Betriebsübertragungen weiterhin möglich

Bei unentgeltlichen bzw. teilunentgeltlichen Betriebsübertragungen wird der Betriebsfreibetrag auf EUR 900.000 angehoben, weiters soll die Grunderwerbsteuer für den unentgeltlichen Teil mit 0,5 % des Grundstückswertes begrenzt werden. Im Bereich der Land- und Forstwirtschaft beträgt der Freibetrag EUR 365.000, die Begrenzung des Steuertarifes beträgt hier 2 % (wie bisher).

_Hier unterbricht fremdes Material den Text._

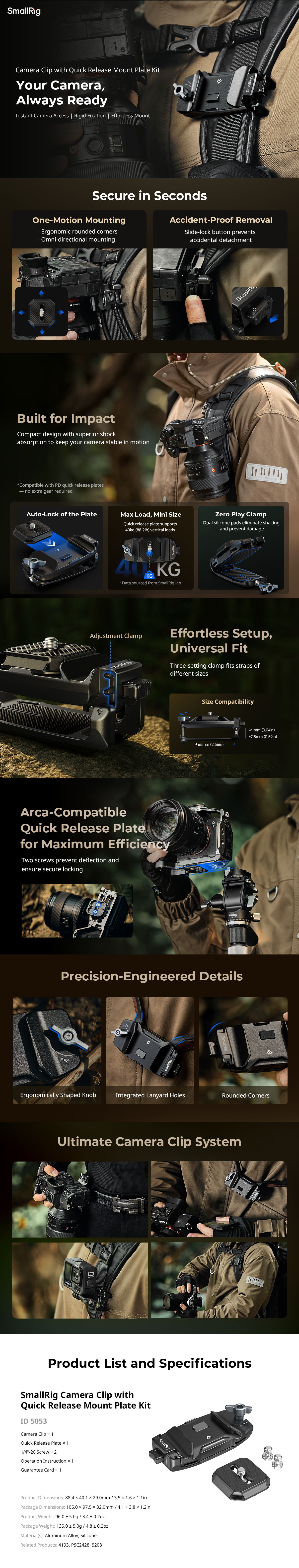 SmallRig Camera Clip with Quick Release Mount Plate Kit 5053 je posebno dizajniran za fotografe koji su uvijek u pokretu. Komplet uključuje kopču za kameru, pločicu za brzo otpuštanje i vijak od 1/4''-20 te nudi jednostavan dizajn: ploča za brzo otpuštanje može se umetnuti u bilo kojem smjeru, automatski se zaključavajući na mjestu. Također podržava jednostruko otpuštanje, osiguravajući visokoučinkovito sastavljanje i rastavljanje.

Ehegattenwohnungen begünstigt

Wohnungen von bis zu 150 m² werden laut Gesetzesentwurf bei Erwerb unter Lebenden bzw. bei Erwerb von Todes wegen (durch den Partner, Ehegatten) steuerfrei belassen werden. Bislang stand die Befreiung nur zu, wenn die Wohnungsgröße insgesamt nicht überschritten wurde. Künftig soll nur der überschreitende Teil (d.h. jener, welcher über 150 m² liegt) der Grunderwerbsteuer unterliegen, womit die geltenden 150 m² nunmehr als Freibetrag zu verstehen sind.

Stiftungssteueräquivalent

Das Stiftungseingangssteueräquivalent wird in die neue Logik integriert und unverändert beibehalten. Für Stiftungen kommt es hier erwartungsgemäß zu keinen Entlastungen gegenüber der aktuellen Rechtslage.

Umgründungen

Umgründungen werden künftig vom Wert der Gegenleistung, mindestens aber vom Grundstückswert bemessen. Der Steuersatz beträgt 0,5 %.

TPA Horwath-Tipp:
"Künftig sind bei Erwerbsstrukturierungen und Umgründungen vermehrt grunderwerbsteuerliche Aspekte zu beachten", warnt sagt Karin Fuhrmann, Steuerberaterin und Immobilienexpertin bei TPA Horwath. In Einzelfällen ist es voraussichtlich günstiger, geplante Umgründungen nicht aufzuschieben sondern notwendige Strukturbereinigungen vorzuziehen. Umgründungen auf den 31. Dezember 2014 müssen bis 30. September 2015 erfolgen, womit Eile geboten ist.